MUDは、この経緯に対し不正、違憲を叫びつつも、それ以前より彼が与党候補になることを前提に動いて来た。昨年10月7日の大統領選(ブログ記事http://okifumi.cocolog-wbs.com/blog/2012/10/20-b98f.html参照)で、統一候補として、あのチャベス氏に得票率で11ポイント差まで迫った実績を持つカプリーレス氏に、再び候補を一本化したものだ。インフレ、悪化一途の治安、通貨ボリーバルの突然の切り下げ、生前のチャベスの健康問題に関わるあまりに不自然な情報で、政府攻撃を進めて来た。
マドゥーロ暫定大統領は、チャベス亡き後のPSUV序列第一位のカベーリョ国会議長と異なり、軍人出身ではない。労組幹部出身とは言え、ブラジルのルラ前大統領のように自ら政党を創設したわけでもない。若くして国会議長になり、また外相にもなったが、どうしてもチャベス氏の影が透けて見える。彼が訴えるのは、「チャベス革命」の継承であり、MUDに対する「米国帝国主義配下」断定だ。政策面の具体的な施策は、少なくとも外電ニュースからは窺えない。MUDの上述の攻撃に対する反論も、あまり見えない。米国帝国主義に操られベネズエラの不安定化を謀りチャベス革命を破壊する、と決めつけ、カプリーレス氏をファシスト呼ばわりする。
だが、国葬に殆どの域内首脳を呼び寄せた国際的知名度、国内では貧困率が高い中で強力に推進して来た貧困対策、何より強い指導力、カリスマ性で国民を惹きつけてきたチャベスの、正統な後継者である。2年間に及ぶ、特にここ2ヵ月間は壮絶さを想起させる、彼の癌との闘いが、国民の脳裏に焼き付いている。一月後の選挙時も変わるまい。
マドゥーロ候補が大統領になれば、言わば「チャベス無きチャベス体制」に入ろう。ベネズエラではビセンテ・ゴメス(1857-1935。私のホームページから十九世紀末以降のカウディーリョでも少し述べている)死後の10年間が「ゴメス無きゴメス時代」とされる。
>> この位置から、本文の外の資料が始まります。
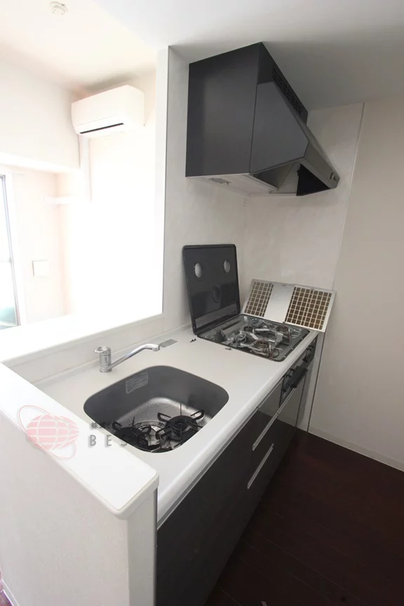 キッチンにはグリル付き3口ガスコンロを採用したシステムキッチンになっているので、料理が好きな人にオススメできる設備です!

この頃は議会による間接選挙で大統領が選ばれたが、初代のロペス・コントレラス(1883-1973。暫定含め在任1935-41)はゴメス政権の陸海軍相だった人だ。その政権下で同じ陸海軍相を務めていたメディーナ(1897-1953。在任1941-45)が引き継いだ。ただ、ゴメスは親米姿勢が強く、発見された石油資源を、当時ではどこの国も国有化するのに、英米の石油メジャーに委ねた。だから、並び立てられるのは、マドゥーロ氏にとって我慢できないところだ。